#### Data for this exercise ####
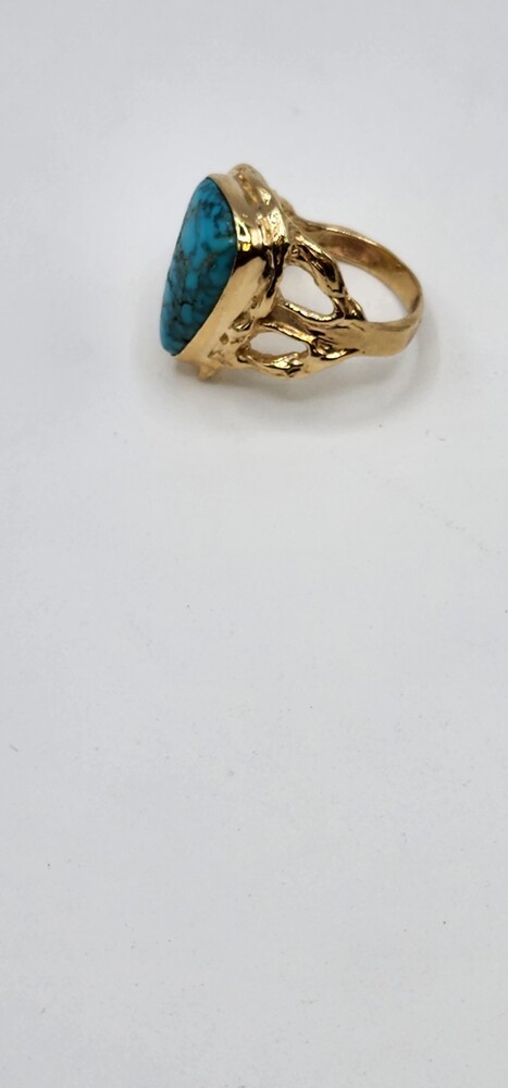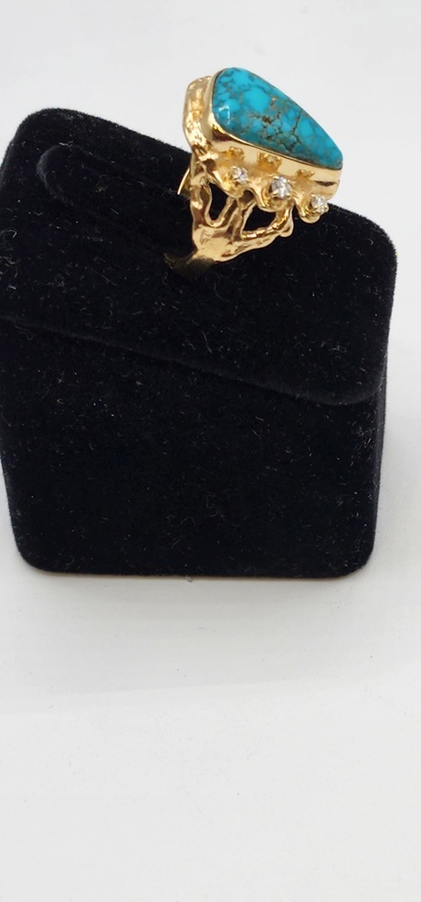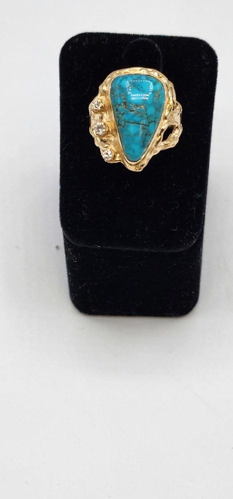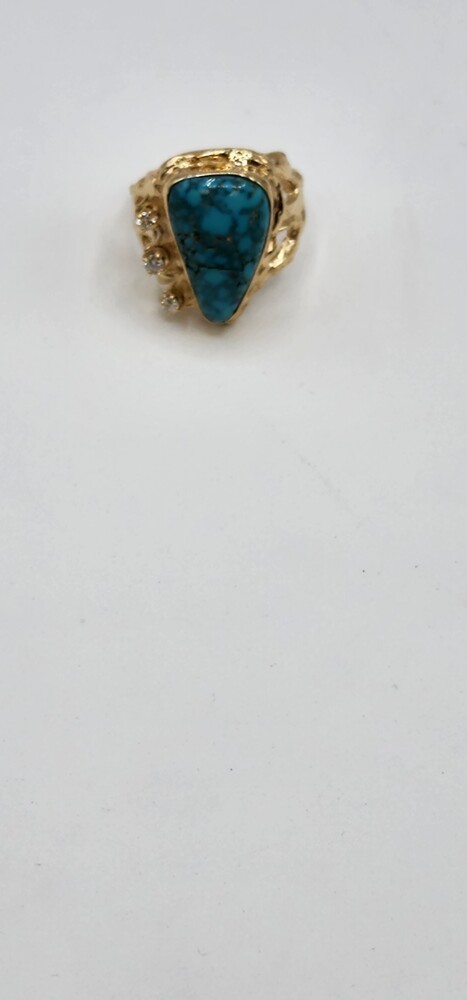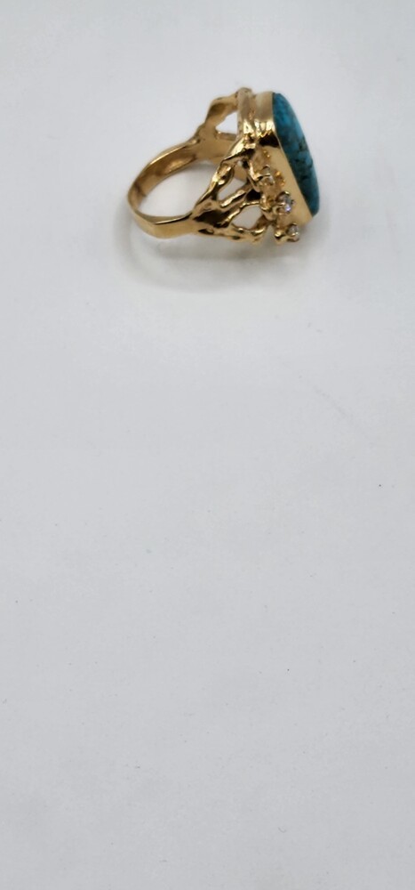 14K YG Diamond and Turquoise Ring 11.41g Size 8.5
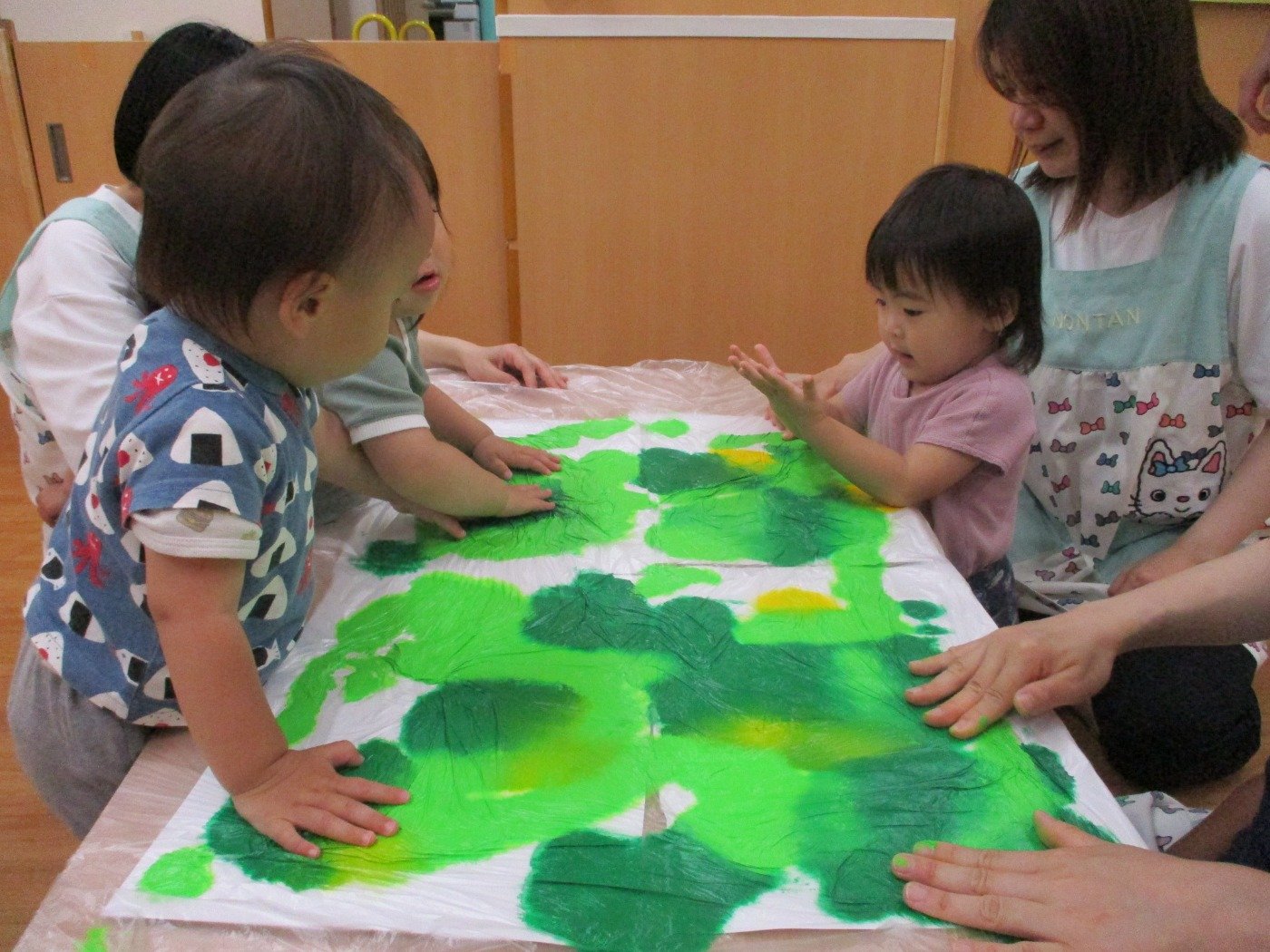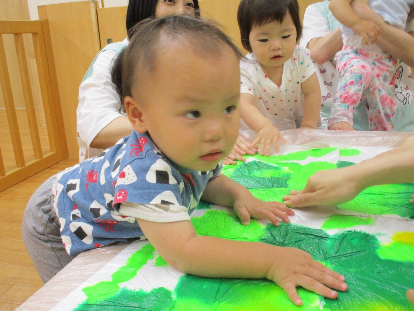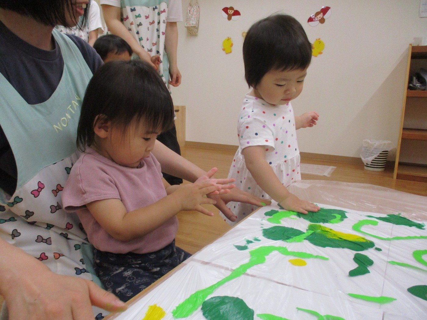 今日はうさぎ組さんみんなで、絵の具の感触遊びをしました。
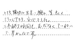 とても親切に営業・施工等良く行って下さり、安心でした。工事終了時間も、むだなくていねいで良かったです。
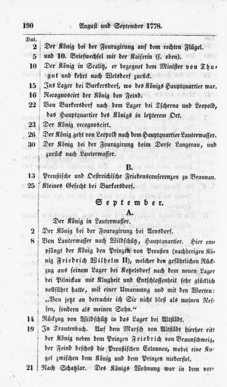 Von Lauterwasser nach Wildschütz, Hauptquartier. Hier empfängt der König den Prinzek von Preußen (nachherigen König Friedrich Wilhelm II), welcher den gefährlichen Rückzug aus seinem Lager bei Ketzelsdorf nach dem neuen Lager bei Pilnickau mit Klugheit und Entschlossenheit sehr glücklich vollführt hatte, mit einer Umarmung und mit den Worten : "Von jetzt an betrachte ich Sie nicht bloß als meinen Neffen, sondern als meinen Sohn."
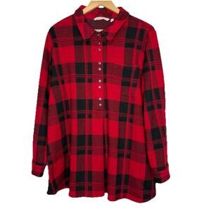 Soft Surroundings Mad About Plaid Red Buffalo Check Tunic Top Womens XL Boho
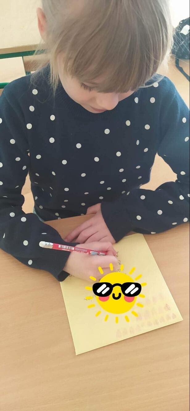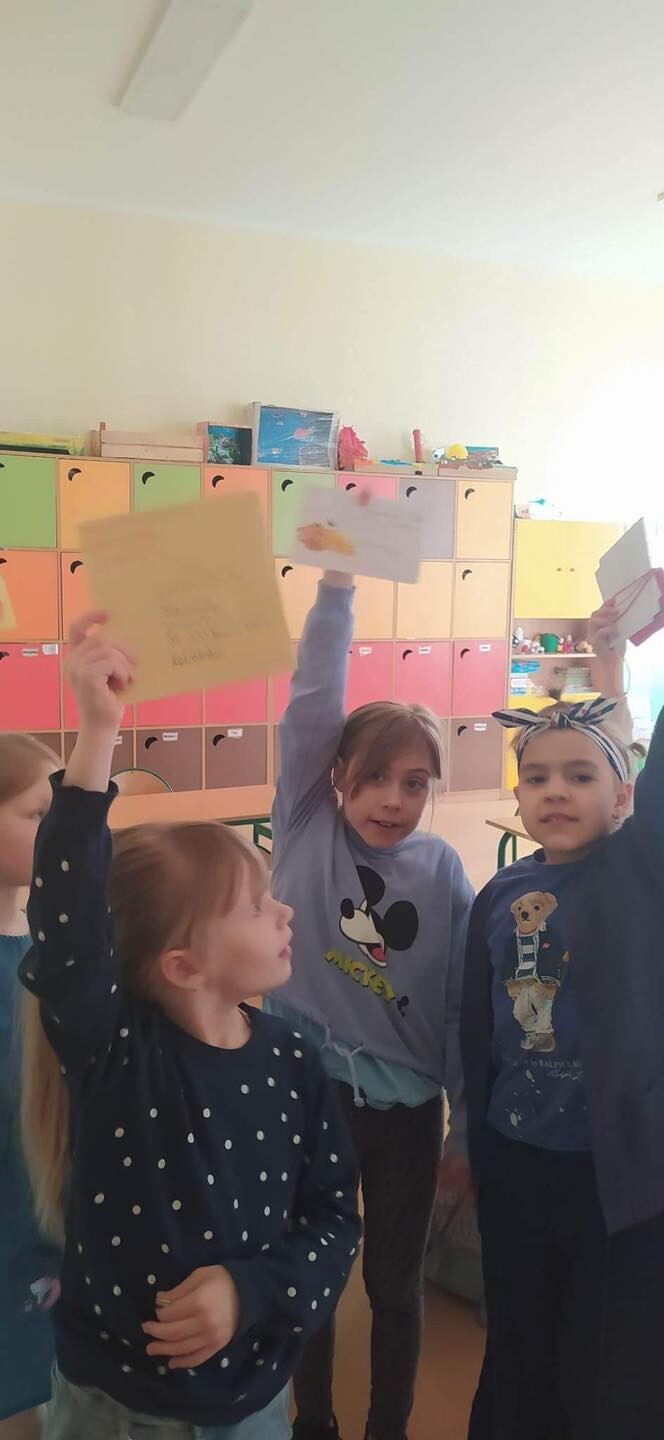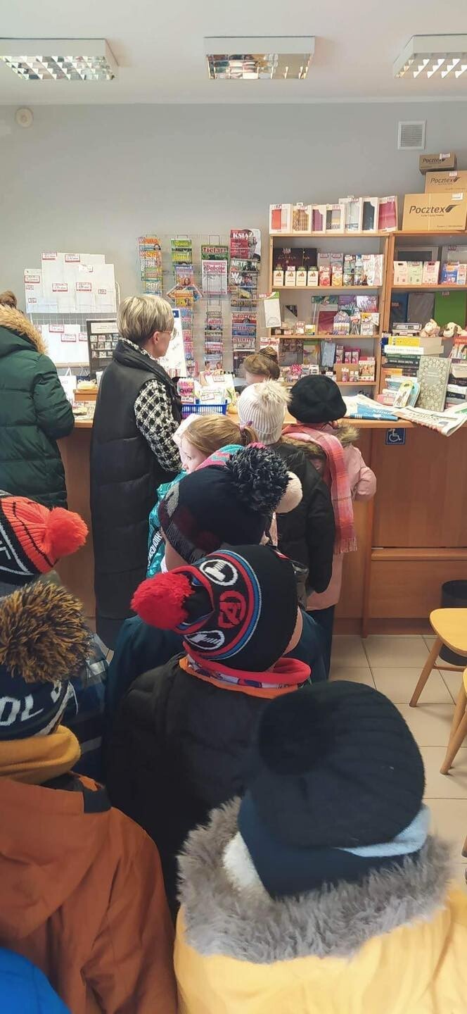 Pierwszaki w ostatnich dniach uczyły się, jak należy adresować kopertę oraz poznawały drogę listu od nadawcy do adresata. W związku z tym i ze zbliżającymi się świętami Wielkiej Nocy uczniowie przynieśli do szkoły przepiękne kartki świąteczne, w których napisały życzenia oraz adresy swoich bliskich. Tak przygotowani wyruszyliśmy na pocztę, gdzie rozpoczęła się dalsza część drogi naszych świątecznych listów
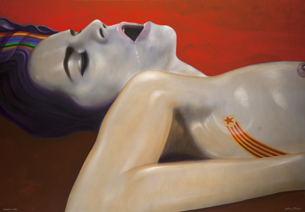 Por un lado, con una especie de arco iris (con un número y un orden de franjas distintos a los reales) tiñendo su pelo se alude sinestésicamente al éxtasis que se atraviesa. Y, por otro, con una senyera maquillada sobre el cuerpo objeto de deseo, se refuerzan las preferencias del artista como sujeto deseante.
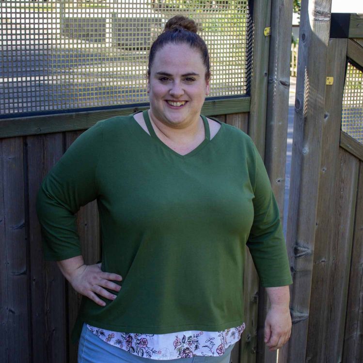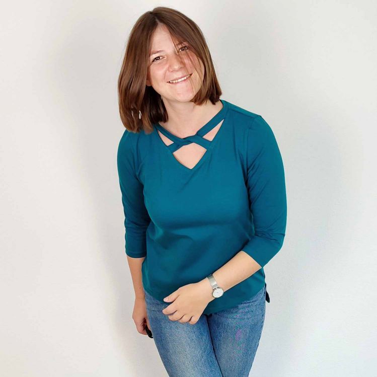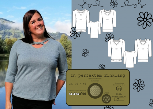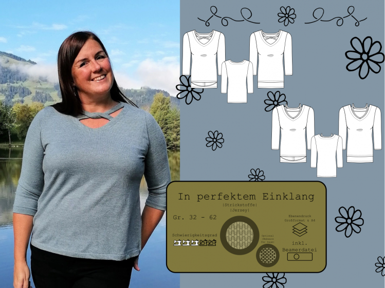 Zusammengefasst: Dieser Schnitt bietet dir einen Pullover mit V-Ausschnitt mit 2 Abschlussmöglichkeiten, 3/4-Ärmel und einen optionalen Fake Blusensaum, das Rückenteil des Pullovers ist etwas länger geschnitten.
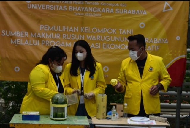 Melalui Program KKN Tematik Kelompok 023 Universitas Bhayangkara  melaksanakan Tri Dharma di Kelompok Tani Sumber Makmur yang berada di Rusun Warugunung Surabaya.
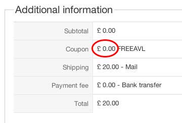 This "strange behaviour" with coupon value being saved as 0 when entered in the frontend, plus the math working in the backend, makes me wonder if there is something, or something else, going "wrong" in the system, not depending on the condition to bring the total of product and coupon back to 0.
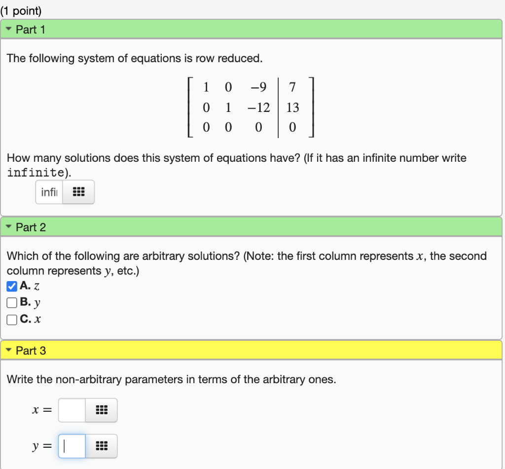 Solved Point Part The Following System Equations Rovreduceod 12 How Many Solutions Does This System Equations Have Lf It Has An Infinite Number Write Infinite Infi Part 2 Which Of The Following Are
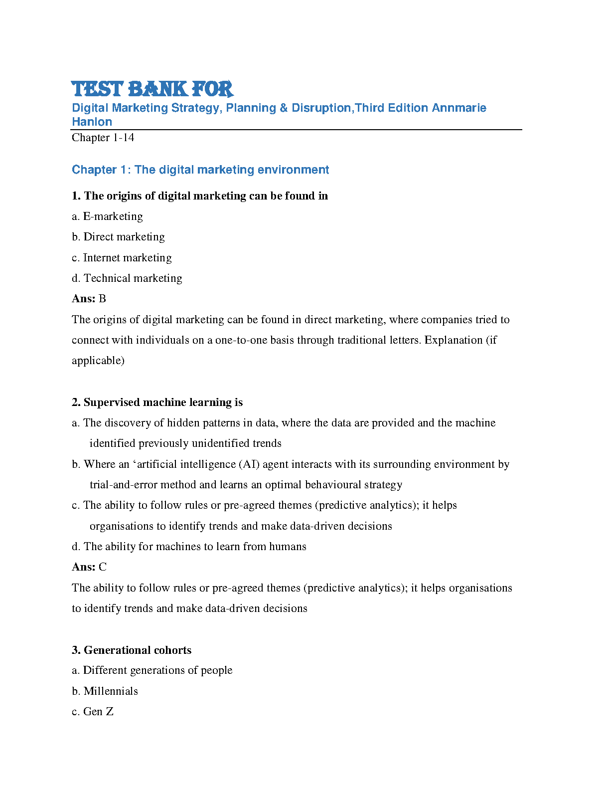 Ace your Digital Marketing exams with this comprehensive test bank for Annmarie Hanlon's "Digital Marketing Strategy, Planning & Disruption", Third Edition. This resource is designed to help students master the material and achieve exam success on their first attempt, avoiding resits. Prepare thoroughly and confidently.
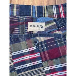 Nautica Clipper Relax Fit Plaid Patchwork Shorts 35W Cotton Blend Multicolor
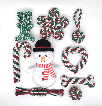 थोक कस्टम पालतू कुत्ते खिलौने टिकाऊ लक्जरी स्क्वीकी प्लग बेल स्नोमैन कपास रस्सी इंटरैक्टिव क्रिसमस पालतू कुत्ते चउ खिलौने सेट
####
## Prompt
Begin at the first line of the entries and stop after the line holding "Soft Surroundings Mad"; repeat those lines exactly, but not the pictures.

## Answer section
 14K YG Diamond and Turquoise Ring 11.41g Size 8.5
 今日はうさぎ組さんみんなで、絵の具の感触遊びをしました。
 とても親切に営業・施工等良く行って下さり、安心でした。工事終了時間も、むだなくていねいで良かったです。
 Von Lauterwasser nach Wildschütz, Hauptquartier. Hier empfängt der König den Prinzek von Preußen (nachherigen König Friedrich Wilhelm II), welcher den gefährlichen Rückzug aus seinem Lager bei Ketzelsdorf nach dem neuen Lager bei Pilnickau mit Klugheit und Entschlossenheit sehr glücklich vollführt hatte, mit einer Umarmung und mit den Worten : "Von jetzt an betrachte ich Sie nicht bloß als meinen Neffen, sondern als meinen Sohn."
 Soft Surroundings Mad About Plaid Red Buffalo Check Tunic Top Womens XL Boho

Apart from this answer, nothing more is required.